Hussain Shumaila, Nadeem Muhammad, Baber Junaid, Hamdi Mohammed, Rajab Adel, Al Reshan Mana Saleh, Shaikh Asadullah
Department of Computer Science, Sardar Bahadur Khan Women's University, Quetta, Pakistan.
Department of Computer Science and IT, University of Balochistan, Quetta, Pakistan.
Sci Rep. 2024 Mar 28;14(1):7406. doi: 10.1038/s41598-024-56871-z.

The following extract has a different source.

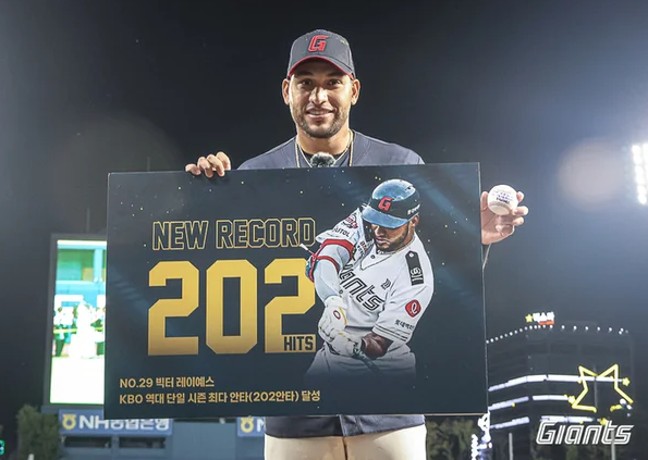 올해 롯데가 최다 안타 기록을 세운 빅터 레이예스와 재계약을 이루어 냈습니다. 보장금액 100만 달러, 인센티브 25만 달러 등 총액 125만 달러에 재계약을 했습니다. 2024년 총액 95만 달러보다 30만 달러 상승한 금액으로 계약을 해 롯데는 외국인 타자 걱정을 한시름 놓았습니다.

Software vulnerabilities pose a significant threat to system security, necessitating effective automatic detection methods. Current techniques face challenges such as dependency issues, language bias, and coarse detection granularity. This study presents a novel deep learning-based vulnerability detection system for Java code. Leveraging hybrid feature extraction through graph and sequence-based techniques enhances semantic and syntactic understanding. The system utilizes control flow graphs (CFG), abstract syntax trees (AST), program dependencies (PD), and greedy longest-match first vectorization for graph representation. A hybrid neural network (GCN-RFEMLP) and the pre-trained CodeBERT model extract features, feeding them into a quantum convolutional neural network with self-attentive pooling. The system addresses issues like long-term information dependency and coarse detection granularity, employing intermediate code representation and inter-procedural slice code. To mitigate language bias, a benchmark software assurance reference dataset is employed. Evaluations demonstrate the system's superiority, achieving 99.2% accuracy in detecting vulnerabilities, outperforming benchmark methods. The proposed approach comprehensively addresses vulnerabilities, including improper input validation, missing authorizations, buffer overflow, cross-site scripting, and SQL injection attacks listed by common weakness enumeration (CWE).
软件漏洞对系统安全构成重大威胁,因此需要有效的自动检测方法。当前的技术面临诸如依赖问题、语言偏差和检测粒度粗糙等挑战。本研究提出了一种新颖的基于深度学习的Java代码漏洞检测系统。通过基于图和序列的技术进行混合特征提取,增强了语义和句法理解。该系统利用控制流图(CFG)、抽象语法树(AST)、程序依赖(PD)以及用于图表示的贪婪最长匹配优先矢量化。一个混合神经网络(GCN-RFEMLP)和预训练的CodeBERT模型提取特征,将其输入到具有自注意力池化的量子卷积神经网络中。该系统通过采用中间代码表示和过程间切片代码来解决长期信息依赖和检测粒度粗糙等问题。为了减轻语言偏差,使用了一个基准软件保证参考数据集。评估证明了该系统的优越性,在检测漏洞方面达到了99.2%的准确率,优于基准方法。所提出的方法全面解决了漏洞问题,包括常见弱点枚举(CWE)列出的输入验证不当、授权缺失、缓冲区溢出、跨站脚本攻击和SQL注入攻击等。